We previously discussed the need for manufacturers of CBD-infused foods and beverages (“Manufacturers”) to comply with the Food and Drug Administration labeling rules. However, such requirements are only one of many issues Manufacturers should worry about. Indeed, Manufacturers should also ensure: 1) that their name as well as their logo/design are not infringing on those of another; and 2) that they hold the right to the Trademarks they intend to display on their labels. This post provides a brief overview of the steps Manufacturers should take to shield themselves from infringement claims.
Trademark and/or Logo Infringement
As we explained before, trademarks are words, phrases, symbols or designs (i.e., logos) that identify the source of a product and help distinguish that product from that of competitors. The very best way to protect your trademark is to register it at the state or federal level.
Logos may also be protected under copyright law. Copyright law protects literary, musical, graphic, or other artistic forms in which an author expresses intellectual concepts.

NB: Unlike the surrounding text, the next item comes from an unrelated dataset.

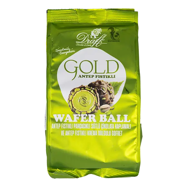 Вафельні кульки з молочного шоколаду та шматочками фісташки, 150г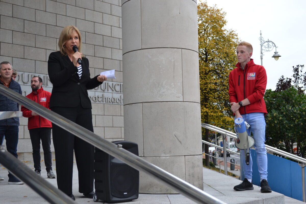 One of the speakers at the event was Sinn Féin spokesperson for further and higher education, Rose Conway Walsh who told the crowd that ‘things have to change,’ before adding ‘with students in poor accommodation and people being pushed into poverty, it can not go on, it is no longer acceptable.’

Thus, logos that are adequately original and ornate have a strong chance of being copyright protected, even without registration—though it is in the Manufacturer’s best interest to register its Logo with the U.S. Copyright Office, see why here.
Choosing branding that will not infringe the trademark and/or copyright rights of another is a critical step in developing a sound marketing strategy. Infringing will not only result in paying substantial damages to the pre-existing brand owner, it will also lead to massive rebranding costs: Think of all those printed labels a Manufacturer will need to throw away and the products they will need to pull off the shelves.
Therefore, before they start printing their labels (and ideally, before they start marketing altogether), Manufacturers should do their due diligence and conduct comprehensive searches with the U.S. Patent and Trademark Office and the U.S. Copyright Office to ensure that no one has already registered a similar trademark and/or logo.
Ownership of Logo
Some Manufacturers whose labels we reviewed hired a graphic designer to develop their logo, yet, few entered into a written independent contractor agreement (“Agreement”).
This Agreement is a contract between two parties, in this case a Manufacturer and a graphic designer, for a specific service or project (i.e., the development of a logo). It clearly provides why the graphic designer was hired and stipulates that he or she is not an employee of the Manufacturer for legal and tax purposes.
In addition to requiring the graphic designer to carry insurance and to hold any mandatory professional licenses under state and federal laws, the Agreement states that the designer assigns his or her rights in the work product to the Manufacturer. In other words, the logo becomes the sole ownership of the Manufacturer even if its author is the graphic designer (under copyright law, the author of a creative work is automatically the owner of the work, absent any arrangement to the contrary).
Consequently, an Agreement will ensure that the Manufacturer has the right to freely use the logo, including entering into licensing agreements and relying on their logo as a valuable asset.
With the growing popularity of CBD-infused foods and beverages, Manufacturers are eager to enter the market and tend to rush through the marketing process, running the risk of incurring significant recall and rebranding costs. To avoid such financial burden, Manufacturers should consult with experienced CBD business attorneys who can review their product labels and ensured that their branding is indeed theirs to use.